Born June 3, 1930(1930-06-03)
Albany, NY, USA
Died September 25, 1999 (aged 69)
Berkeley, CA, USA
Pen name Morgan Ives, Miriam Gardner, John Dexter, and Lee Chapman
Occupation Novelist, Editor
Nationality United States
Genres Fantasy, Science fiction
Official website

Marion Eleanor Zimmer Bradley (June 3, 1930 – September 25, 1999) was an American author of fantasy novels such as The Mists of Avalon and the Darkover series, often with a feminist outlook.

Contents

Biography

Born on a farm in Albany, New York, during the Great Depression, she began writing in 1949 and sold her first story to Vortex in 1952. She was married to Robert Alden Bradley from October 26, 1949 until their divorce on May 19, 1964. They had a son, David Robert Bradley (1950 – 2008). During the 1950s she was introduced to the cultural and campaigning lesbian group the Daughters of Bilitis. After her divorce she married numismatist Walter H. Breen on June 3, 1964. They separated in 1979 but remained married, and continued a business relationship and lived on the same street for over a decade. They officially divorced on May 9, 1990, the year Breen was arrested on child molestation charges.1 Her first child, David R. Bradley, and brother, Paul Edwin Zimmer are published science fiction & fantasy authors in their own right. Her daughter by Breen, Moira Stern, is a professional harpist and singer.

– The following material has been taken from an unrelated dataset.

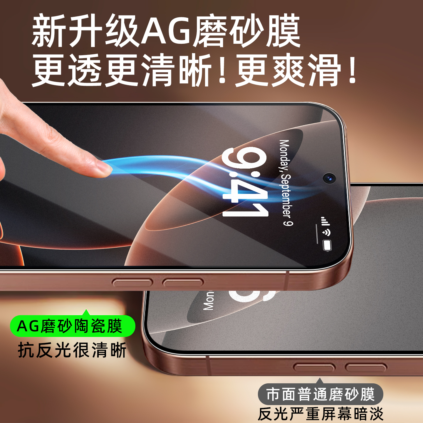 图拉斯无界膜AR抗反射适用苹果17钢化膜iPhone17promax手机贴膜16pro无黑边防摔保护15屏幕无尘仓ip防指纹ar

In 1965 Bradley graduated with a Bachelor of Arts degree from Hardin-Simmons University in Abilene, Texas. Afterward, she moved to Berkeley, California, to pursue graduate studies at the University of California, Berkeley between 1965 and 1967. In 1966, she helped found and named the Society for Creative Anachronism and was involved in developing several local groups, including in New York after her move to Staten Island.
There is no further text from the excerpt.